EXERCISE INSTRUCTIONS :: Under this line sits a listing. Repeat exactly and only its lines from the one holding "Desembarques (ton) Tasa" through the one holding "Brillante catena di"; skip pictures.

+++

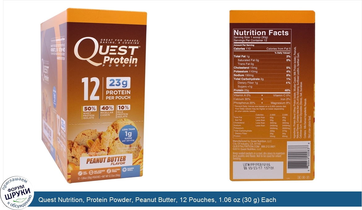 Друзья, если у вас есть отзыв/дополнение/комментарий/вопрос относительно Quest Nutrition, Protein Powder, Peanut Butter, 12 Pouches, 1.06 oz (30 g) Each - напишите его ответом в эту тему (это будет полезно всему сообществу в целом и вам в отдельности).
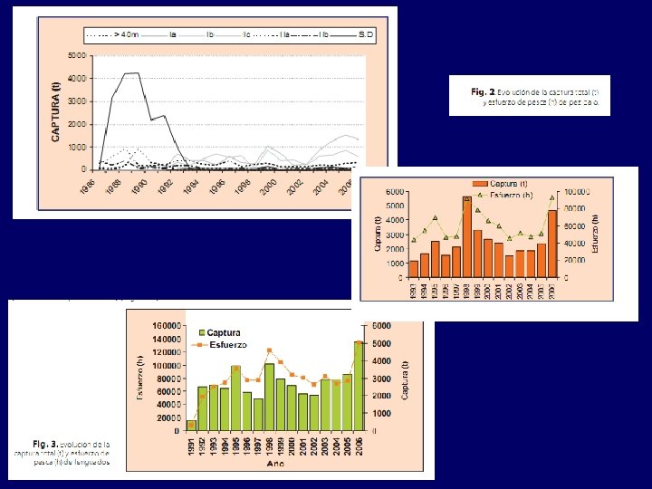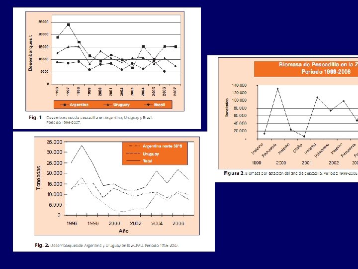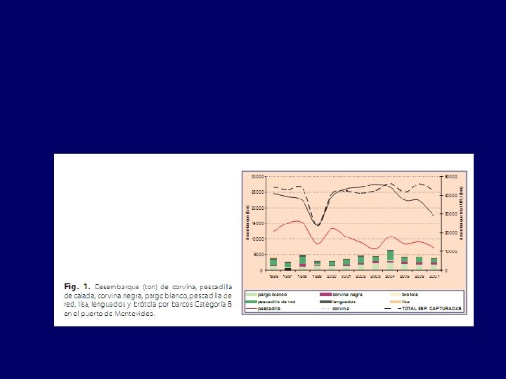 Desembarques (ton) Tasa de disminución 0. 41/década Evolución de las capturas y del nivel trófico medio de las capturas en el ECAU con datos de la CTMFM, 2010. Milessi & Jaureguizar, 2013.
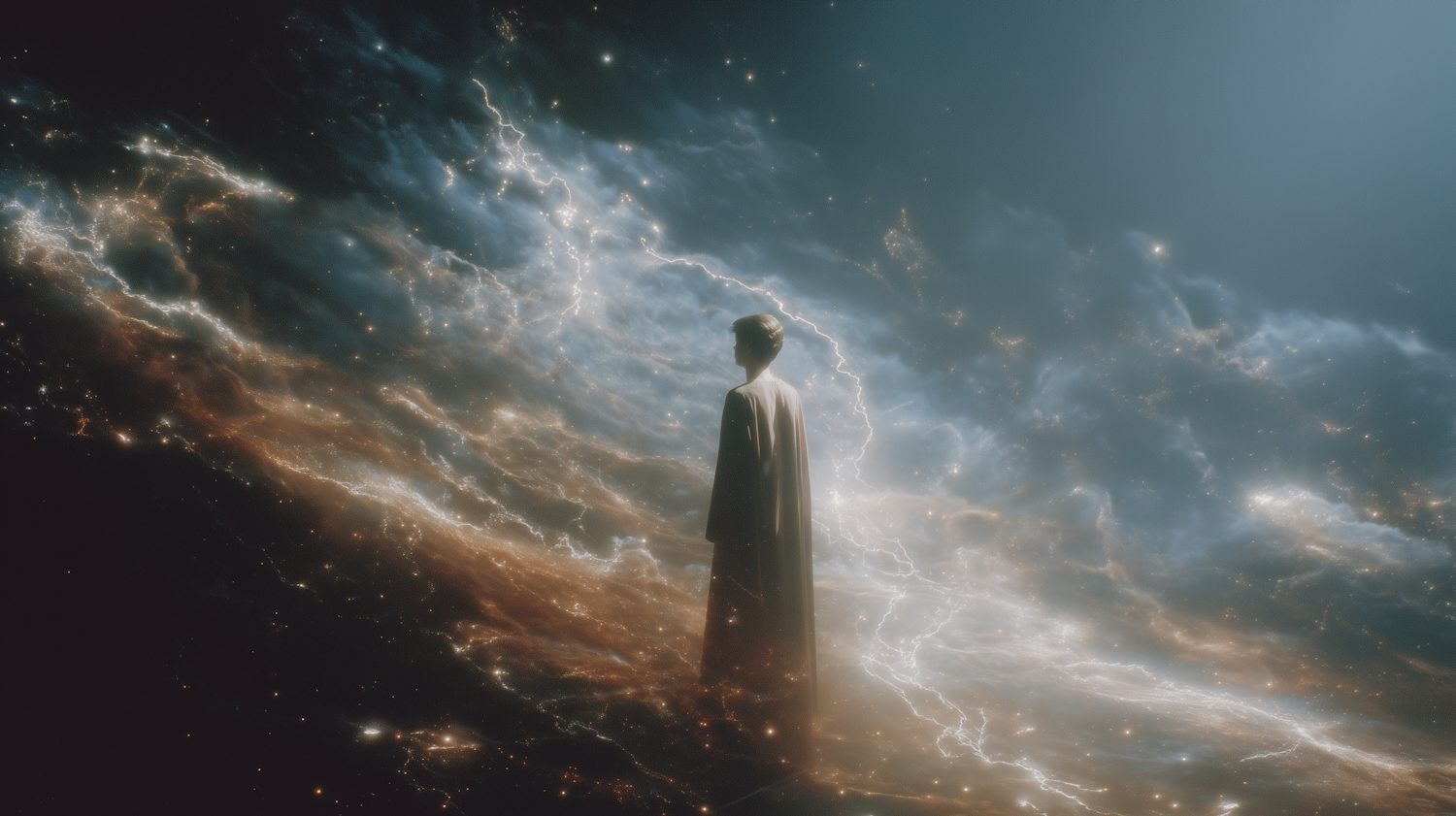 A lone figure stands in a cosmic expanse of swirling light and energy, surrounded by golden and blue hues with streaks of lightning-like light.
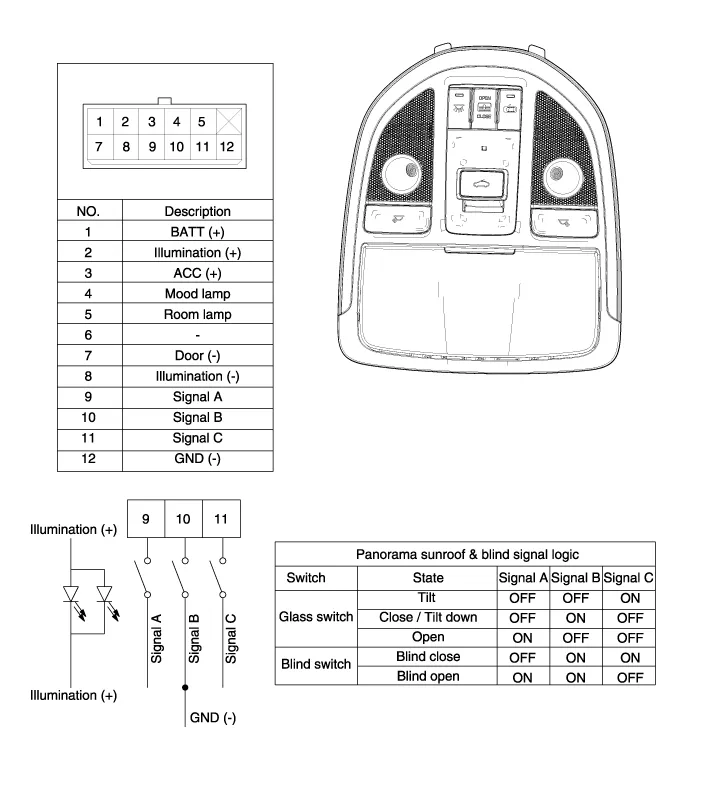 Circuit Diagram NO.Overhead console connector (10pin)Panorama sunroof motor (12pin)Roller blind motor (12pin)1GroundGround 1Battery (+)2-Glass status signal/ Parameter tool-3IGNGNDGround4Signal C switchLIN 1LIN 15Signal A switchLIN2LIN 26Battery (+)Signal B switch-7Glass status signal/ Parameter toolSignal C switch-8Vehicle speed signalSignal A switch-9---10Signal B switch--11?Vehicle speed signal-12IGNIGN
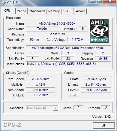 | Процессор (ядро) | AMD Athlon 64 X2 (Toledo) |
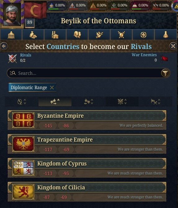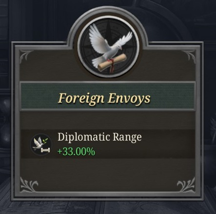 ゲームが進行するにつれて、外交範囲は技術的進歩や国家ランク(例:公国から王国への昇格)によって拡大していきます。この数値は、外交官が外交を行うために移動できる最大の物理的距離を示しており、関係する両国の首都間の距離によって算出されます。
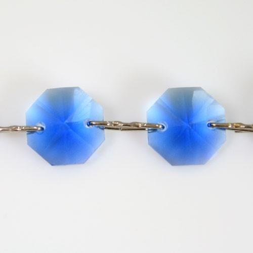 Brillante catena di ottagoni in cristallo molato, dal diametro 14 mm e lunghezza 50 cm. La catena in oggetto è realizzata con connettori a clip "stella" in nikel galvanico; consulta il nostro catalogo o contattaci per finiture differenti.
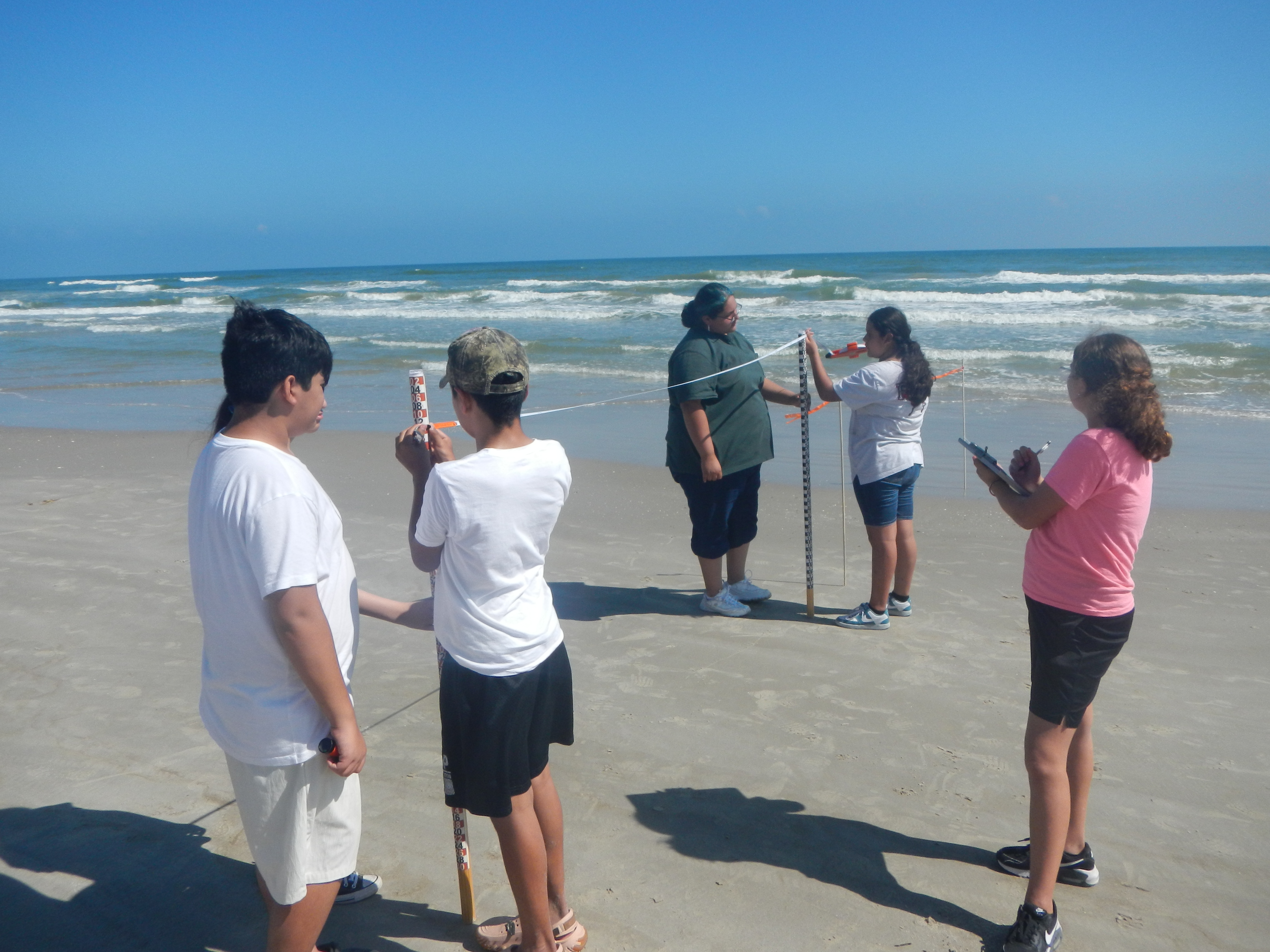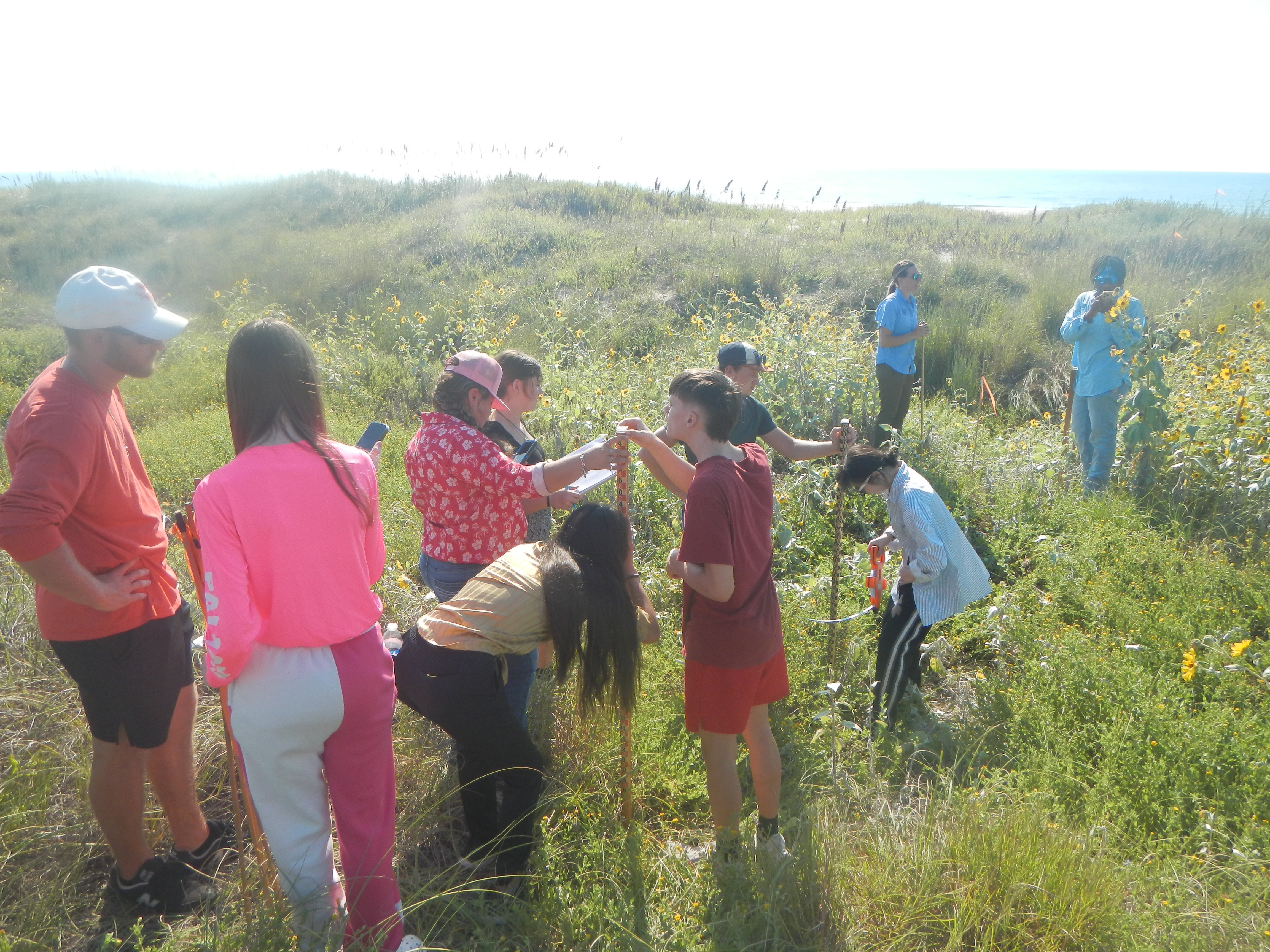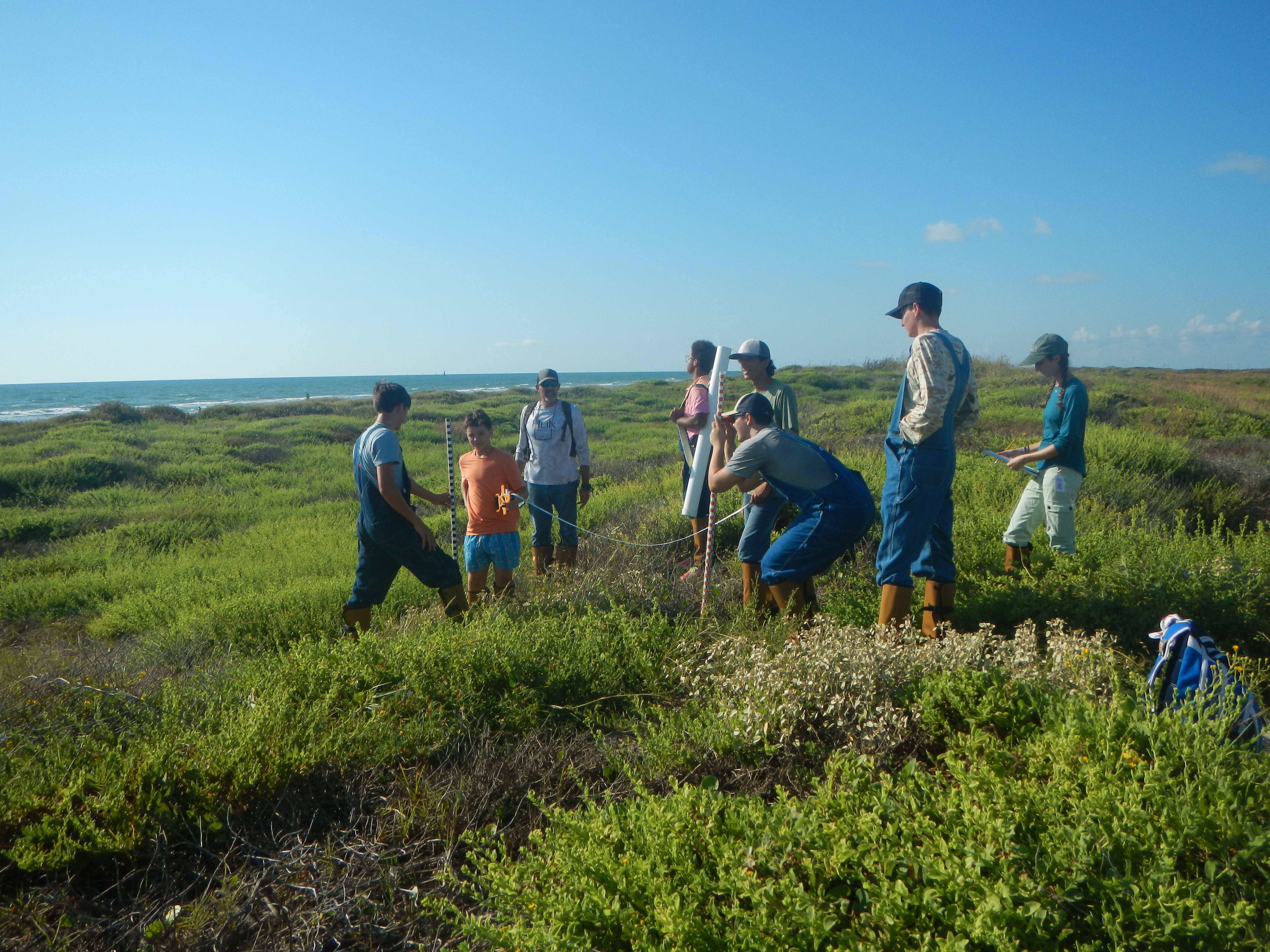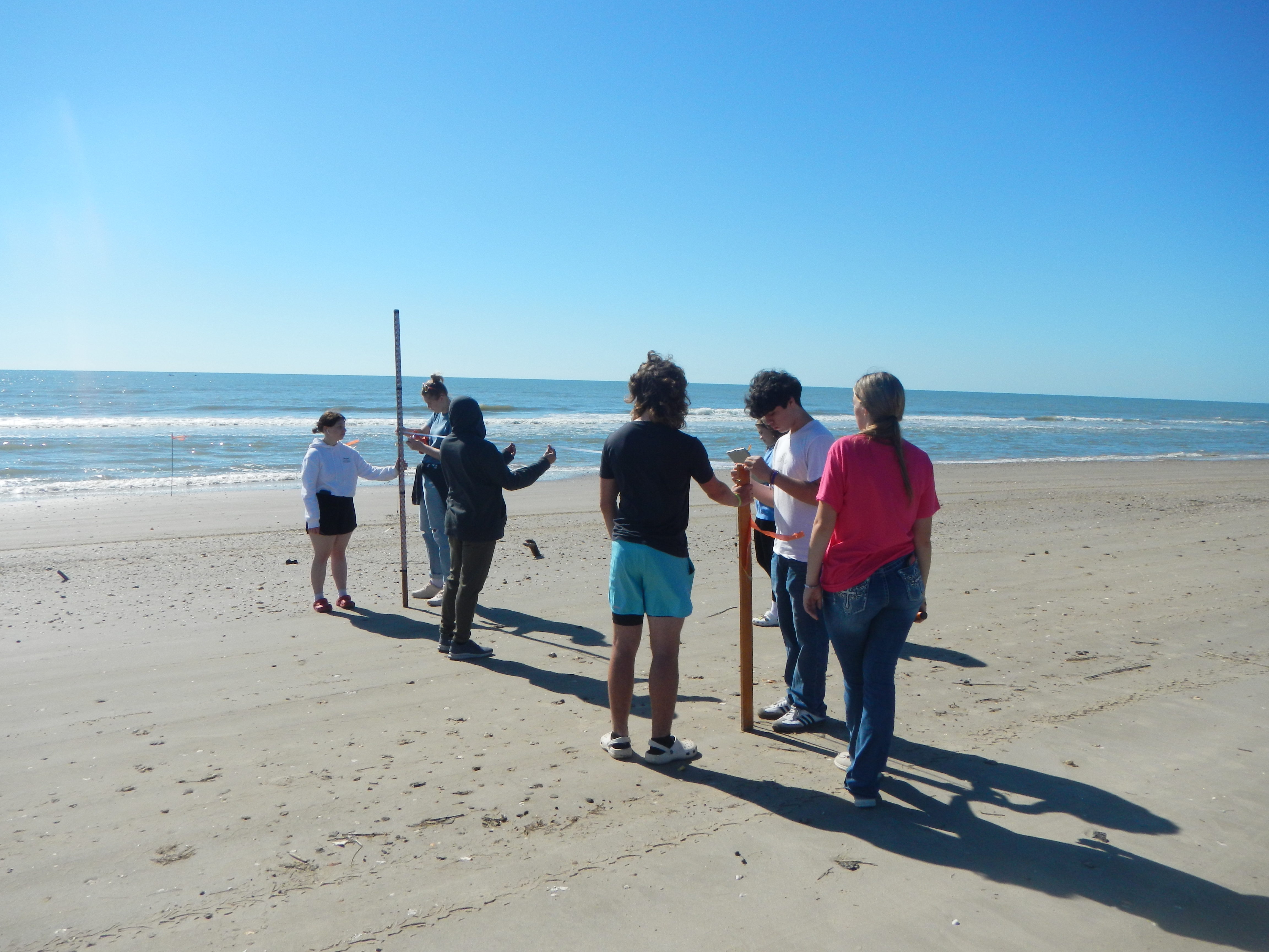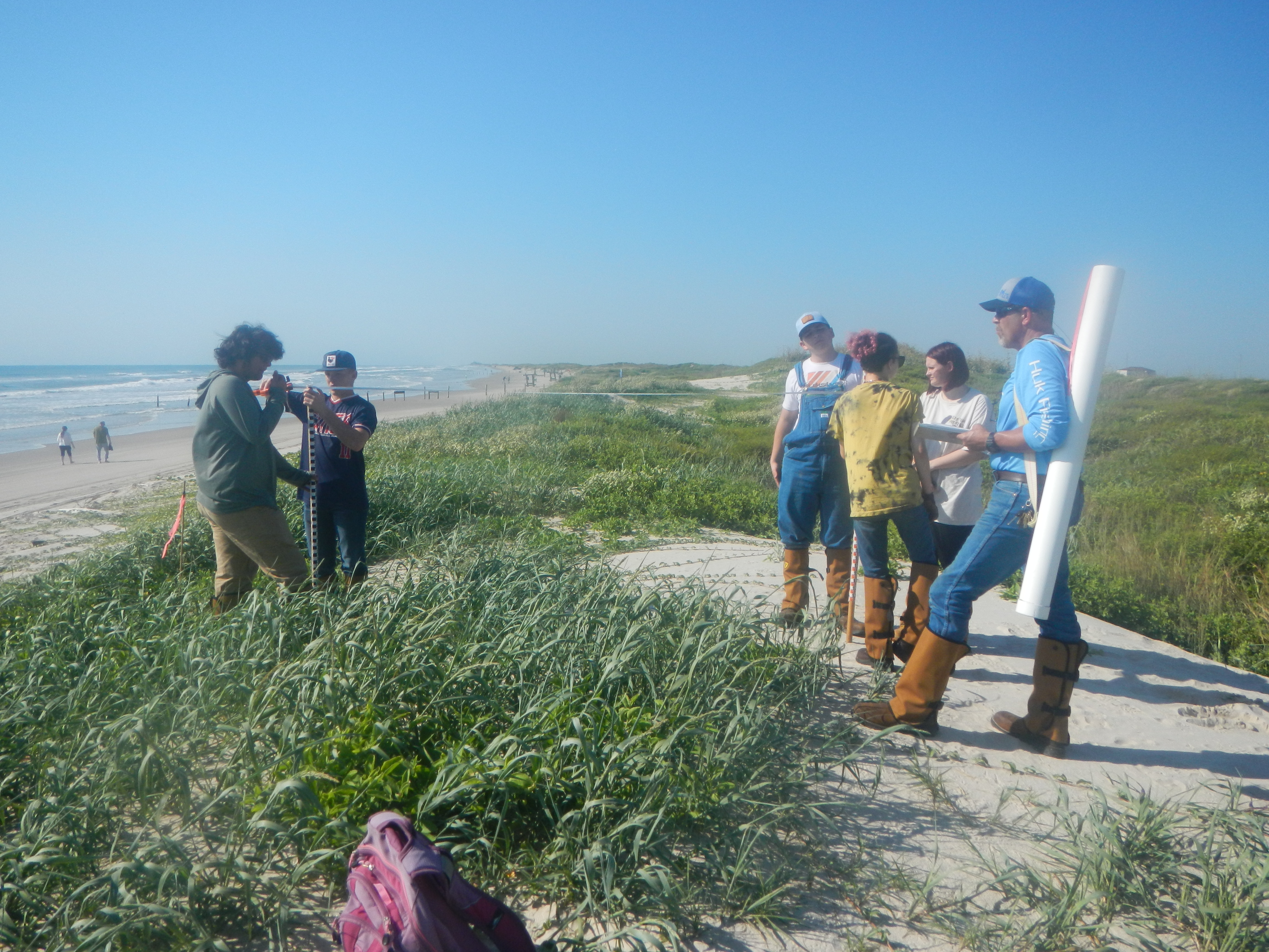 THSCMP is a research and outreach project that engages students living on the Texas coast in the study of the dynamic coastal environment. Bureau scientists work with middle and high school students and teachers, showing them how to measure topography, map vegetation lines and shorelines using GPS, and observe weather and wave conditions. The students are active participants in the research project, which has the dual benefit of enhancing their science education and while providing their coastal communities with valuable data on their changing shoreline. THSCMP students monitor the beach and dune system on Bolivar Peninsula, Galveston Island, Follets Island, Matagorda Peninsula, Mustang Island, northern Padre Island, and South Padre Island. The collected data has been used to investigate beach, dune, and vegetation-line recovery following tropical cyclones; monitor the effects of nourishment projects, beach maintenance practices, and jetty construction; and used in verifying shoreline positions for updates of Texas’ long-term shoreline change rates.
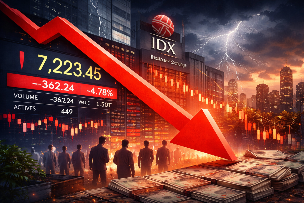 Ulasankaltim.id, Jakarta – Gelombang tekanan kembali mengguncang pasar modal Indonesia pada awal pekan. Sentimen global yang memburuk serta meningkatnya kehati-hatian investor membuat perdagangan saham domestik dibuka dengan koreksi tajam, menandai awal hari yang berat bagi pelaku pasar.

+++

WRITTEN ANSWER ::
 Desembarques (ton) Tasa de disminución 0. 41/década Evolución de las capturas y del nivel trófico medio de las capturas en el ECAU con datos de la CTMFM, 2010. Milessi & Jaureguizar, 2013.
 A lone figure stands in a cosmic expanse of swirling light and energy, surrounded by golden and blue hues with streaks of lightning-like light.
 Circuit Diagram NO.Overhead console connector (10pin)Panorama sunroof motor (12pin)Roller blind motor (12pin)1GroundGround 1Battery (+)2-Glass status signal/ Parameter tool-3IGNGNDGround4Signal C switchLIN 1LIN 15Signal A switchLIN2LIN 26Battery (+)Signal B switch-7Glass status signal/ Parameter toolSignal C switch-8Vehicle speed signalSignal A switch-9---10Signal B switch--11?Vehicle speed signal-12IGNIGN
 | Процессор (ядро) | AMD Athlon 64 X2 (Toledo) |
 ゲームが進行するにつれて、外交範囲は技術的進歩や国家ランク(例:公国から王国への昇格)によって拡大していきます。この数値は、外交官が外交を行うために移動できる最大の物理的距離を示しており、関係する両国の首都間の距離によって算出されます。
 Brillante catena di ottagoni in cristallo molato, dal diametro 14 mm e lunghezza 50 cm. La catena in oggetto è realizzata con connettori a clip "stella" in nikel galvanico; consulta il nostro catalogo o contattaci per finiture differenti.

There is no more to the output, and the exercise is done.